Oui, il s’agit, d’une certaine façon, de transformer les « déments agités » en « déments calmes ». Il faut dire qu’un peu partout en Occident et particulièrement en Amérique du Nord, les années 1940 sont connues comme une période où les hôpitaux psychiatriques sont surpeuplés et la pression économique sur le système de santé est grandissante. L’une des plus grandes dérives de la psychochirurgie, à cette époque, viendra de l’Américain Walter Freeman, qui décidera de s’attaquer au cortex orbitofrontal en effondrant le plancher de l’orbite avec son tristement célèbre pic à glace (voir encadré p. 70). Effrayé de voir cette technique se répandre dans les cabinets, Fulton, d’ailleurs, lui écrira : « Vous feriez mieux d’utiliser un revolver, cela irait plus vite ! ». Freeman aurait ainsi opéré à lui seul 10 % des 50 000 à 60 000 lobotomisés à cette époque aux États-Unis.
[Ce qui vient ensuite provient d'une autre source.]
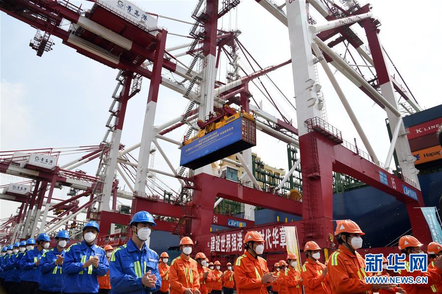 4月26日,在青島港前灣碼頭,碼頭工人參加“現(xiàn)代商船阿爾赫西拉斯”輪首航儀式。當(dāng)日,載箱量可達(dá)2.4萬標(biāo)準(zhǔn)箱的世界最大集裝箱船“現(xiàn)代商船阿爾赫西拉斯”輪從山東青島港開啟首航,這條船的甲板面積超過2.4萬平方米,相當(dāng)于3.5個標(biāo)準(zhǔn)足球場大小。新華社記者李紫恒攝

L’ascension fulgurante de la leucotomie, rebaptisée lobotomie, sera finalement stoppée par la découverte, en 1954, des premiers neuroleptiques, mais également par des résultats cliniques aléatoires lorsqu’il ne s’agit pas de complications graves ou de mutilation de la personnalité.

La presse, les films – et même des pièces de théâtre – finissent par inquiéter une opinion publique qui avait pourtant été de prime abord séduite par ces nouvelles techniques.

Les dérapages de la psychochirurgie ne concernent pas que les États-Unis…

Effectivement, ces dérapages dépassent les fronières des Etats-Unis. Ainsi, une historienne, Isabelle Perreault, a récemment montré que des individus avaient été opérés à l’hôpital Saint-Jean-de-Dieu de Montréal pour traiter des tendances à l’onanisme ou à l’homosexualité. Dans les archives de cet établissement québécois, on cite, par exemple, le cas d’un jeune homme se masturbant « en représailles contre la société ». Il sera opéré avec 5 autres. Le travailleur social impliqué dans leur suivi précise qu’« afin d’éviter qu’ils retombent dans leurs mauvaises habitudes, nous les avons intéressés à la culture physique, aux danses, à la pratique du chant choral et à certains jeux d’équipe » !

À Paris, à la même époque, à l’hôpital Sainte-Anne, le neurochirurgien Marcel David – l’un des pères de la neurochirurgie française – opère une dizaine d’individus alors nommés « pervers instinctifs ». Chez l’un d’entre eux, coupable aussi, selon les archives, « d’amoralité foncière, de malignité universelle, de paresse, d’escroquerie, de port illégal de décoration et d’uniforme », on aurait assisté après l’intervention, à « l’heureux épanouissement d’une conscience morale ».